Diagnosing Common Connectivity Issues

There are a variety of issues you could encounter while connecting to any online service, including Snowflake. For now, this topic focuses on issues with the certificate revocation list (CRL) or online certificate status protocol (OCSP) checks performed by Snowflake clients. As an integral component of securing communications, Snowflake clients verify the current validity of the signed Snowflake certificate issued by a trusted certificate authority (CA). If communication between the client and the CA or OCSP responder is blocked, an SSL error is generated.

Note also that all communication with Snowflake happens using port 443. However, CRL and OSCP certification checks are transmitted over port 80. If your workstation is behind a firewall, make sure that the network administrator for your organization has opened the firewall to traffic on ports 443 and 80.

In this Topic:

Step 1: Retrieve the CA Site and OCSP Responder URLs for Your SSL Certificate

View the URLs used by Snowflake for CRL and OCSP checks:

  1. In Google Chrome, log into your Snowflake account.
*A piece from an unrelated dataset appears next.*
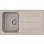 Общая ширина мойки составляет 86 см. Прямоугольная врезная модель монтируется вровень со столешницей, что позволяет протереть поверхность одним движением. Искусственный гранит оттенка «овес» не темнеет со временем, хорошо выдерживает высокие температуры и воздействие любых моющих средств.

  2. Click More Tools » Developer Tools from the menu in the top-right corner.

  3. Click on the Security tab.

  4. Click the View certificate button.

  5. Expand the Details section.

  6. Locate and make note of the following URLs:

    • CRL Distribution Points
    • Online Certificate Status Protocol

Next, test your ability to access the URLs. Various network issues could prevent the Snowflake client from accessing the URLs. For example, your firewall may be blocking access to the sites used by Snowflake.

Step 2: Test the URLs by Verifying Communication with the Sites

Complete the steps for your operating system to check whether you can reach the URLs you retrieved in Step 1.

Windows

  1. Open a PowerShell window on the host where the connectivity problem persists.

  2. Execute the following commands. The Invoke-WebRequest command sends an HTTP request to a web page or web service and returns a response.

    Invoke-WebRequest -Outfile crl_test.html <crl_url>
    
    Invoke-WebRequest <ocsp_url>
    

    Where:

    • crl_url is the CRL Distribution Points URL you retrieved. Input the entire URL path, e.g. http://crl.netsolssl.com/NetworkSolutionsOVServerCA2.crl.
    • ocsp_url is the Online Certificate Status Protocol URL you retrieved.

    If the commands return an error, report the issue to your network administrator to diagnose further.

Linux or Mac OS

  1. Open a terminal on the host where the connectivity problem persists.

  2. Execute the following commands:

    curl -I <crl_url>
    
    curl -I <ocsp_url>
    

    Where:

    • crl_url is the CRL Distribution Points URL you retrieved. Input the entire URL path, e.g. http://crl.netsolssl.com/NetworkSolutionsOVServerCA2.crl.
    • ocsp_url is the Online Certificate Status Protocol URL you retrieved.

    If the command returns an error, report the issue to your network administrator to diagnose further.

    If the command returns a status code other than 200, contact Snowflake Support.